Merge "Database Synchronization between Tacker and K8s"

This commit is contained in:
Zuul 2022-07-29 08:23:20 +00:00 committed by Gerrit Code Review
commit a876c667dd
1 changed files with 360 additions and 0 deletions

View File

@ -0,0 +1,360 @@
==========================================================
Database Synchronization between TackerDB and KubernetesDB
==========================================================
https://blueprints.launchpad.net/tacker/+spec/database-synchronization
Problem description
===================
In the current implementation, TackerDB and VIM DB(KubernetesDB)
such as etcd in Kubernetes are only synchronized when SOL002 heal is executed.
However, when Kubernetes auto-heals or auto-scales and the pod restarts,
the information is only reflected in the KubernetesDB and not in TackerDB.
As a result, the following problems occurs.

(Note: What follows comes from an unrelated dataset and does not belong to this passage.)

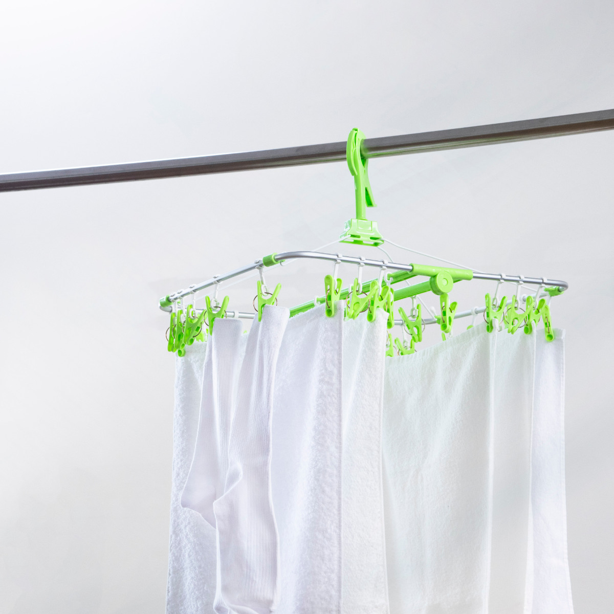 ピンチが30個付いたアルミフレームの角ハンガーです。一度にまとめて干せるので、共働き・忙しい家庭の方におすすめのサイズです。アルミ製なので軽量で持ち運びも便利です。

* When a user uses a command or API to get information about
a Pod resource, they see the information stored in TackerDB
and get an out-of-date output.
* If a user attempts to scale when the database is inconsistent, the Pod
scales at a number that the user does not intend because it sees and
processes old information.
.. note:: The existing heal process already supports the ability
to synchronize information about a Pod.
This specification supposes the below changes:
* Adds periodic synchronization of Pod information between
TackerDB and KubernetesDB
Proposed Change
===============
The following functions are incorporated in this specification.
+ Regularly retrieve information of pods that TackerDB and
KubernetesDB hold, compare the data,
and update TackerDB from KubernetesDB if there are differences.

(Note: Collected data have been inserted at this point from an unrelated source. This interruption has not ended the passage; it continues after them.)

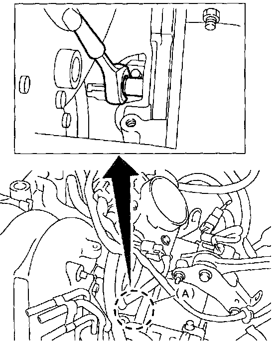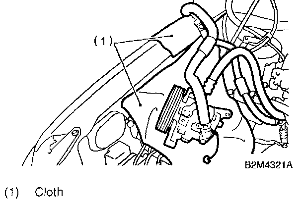 ^ Disconnect hose with its end wrapped with cloth to prevent fuel from splashing.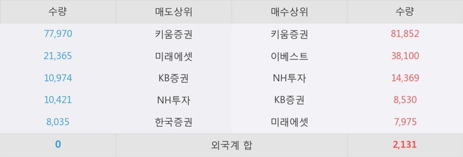 거래원 동향은 NH투자, 미래에셋 등이 매수 상위 목록에 나타나고 있다.
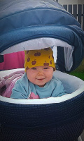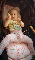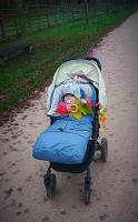 obr. 3 zvídavé nesedící dítě jezdí v hlubokém kočárku na bříšku

.. note:: When the TackerDB is updated by synchronization processing,
the information is shown in a log.
The log contains the name of the old pod and the new one.

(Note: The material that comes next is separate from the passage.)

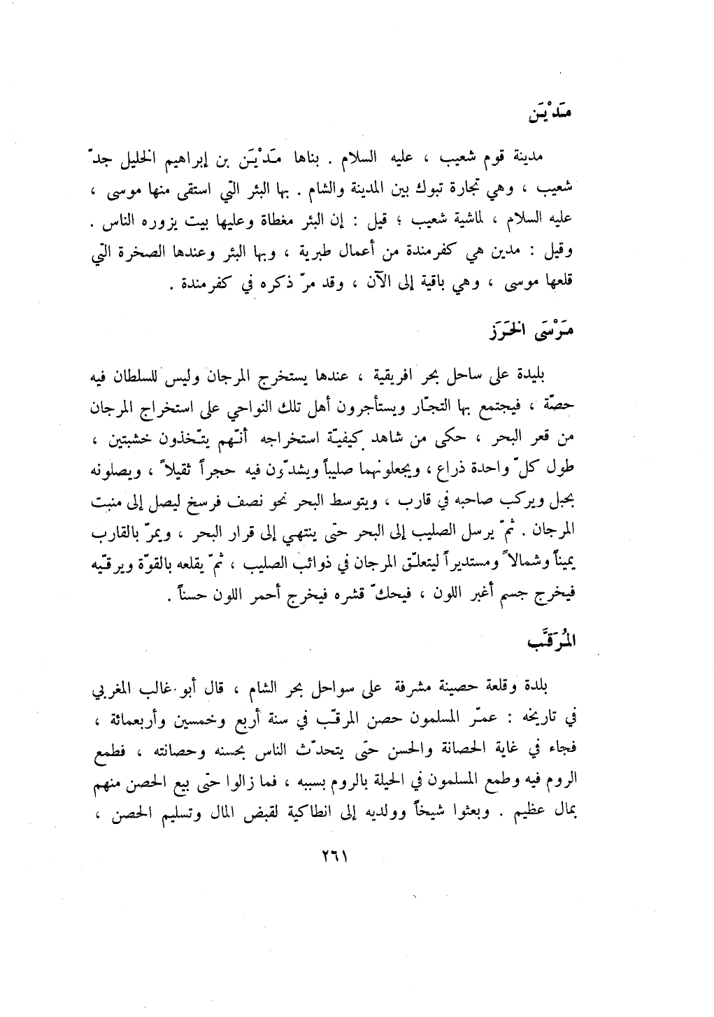 مدينة قوم شعيب، عليه السلام. بناها مدين بن إبراهيم الخليل جد شعيب، وهي تجارة تبوك بين المدينة والشام. بها البئر التي استقى منها موسى، عليه السلام، لماشية شعيب؛ قيل: إن البئر مغطاة وعليها بيت يزوره الناس. وقيل: مدين هي كفرمندة من أعمال طبرية، وبها البئر وعندها الصخرة التي قلعها موسى، وهي باقية إلى الآن، وقد مر ذكره في كفرمندة.

+ Enable config to specify the frequency of synchronization.
The attributes in the TackerDB to be updated are as follows:
+ vnf_instantiated_info.scaleStatus.scaleLevel: Calculate the `scaleLevel`
from the number of Pods retrieved from KubernetesDB and update it if it
differs from TackerDB.
+ vnf_instantiated_info.vnfc_resource_info: If the number of
running Pods changes, increase or decrease the number of data in
`vnfcResourceInfo` to match the number of running Pods.
+ vnf_instantiated_info.vnfc_resource_info.computeResource.resourceId:
Update resourceId with the new resource ID as Pod name.
+ VnfInstanceV2.instantiatedVnfInfo.scaleStatus.scaleLevel: Calculate
the `scaleLevel` from the number of Pods retrieved from KubernetesDB
and update it if it differs from TackerDB.
+ VnfInstanceV2.instantiatedVnfInfo.vnfcResourceInfo: If the number of
running Pods changes, increase or decrease the number of data in
`vnfcResourceInfo` and `VnfInstanceV2.instantiatedVnfInfo.vnfcInfo`
to match the number of running Pods.
+ VnfInstanceV2.instantiatedVnfInfo.vnfcResourceInfo.
computeResource.resourceId:
Update resourceId with the new resource ID as Pod name.
.. note:: Get the following resource information from KubernetesDB
* Pod
* Deployment
* Replicaset
* Daemonset
* StatefulSet
Pods under the control of StatefulSet have static names,
thus resourceId does not change even if they are recreated by
Kubernetes. However, Tacker must fetch the current number of
Pods to update ScaleStatus during DB synchronization.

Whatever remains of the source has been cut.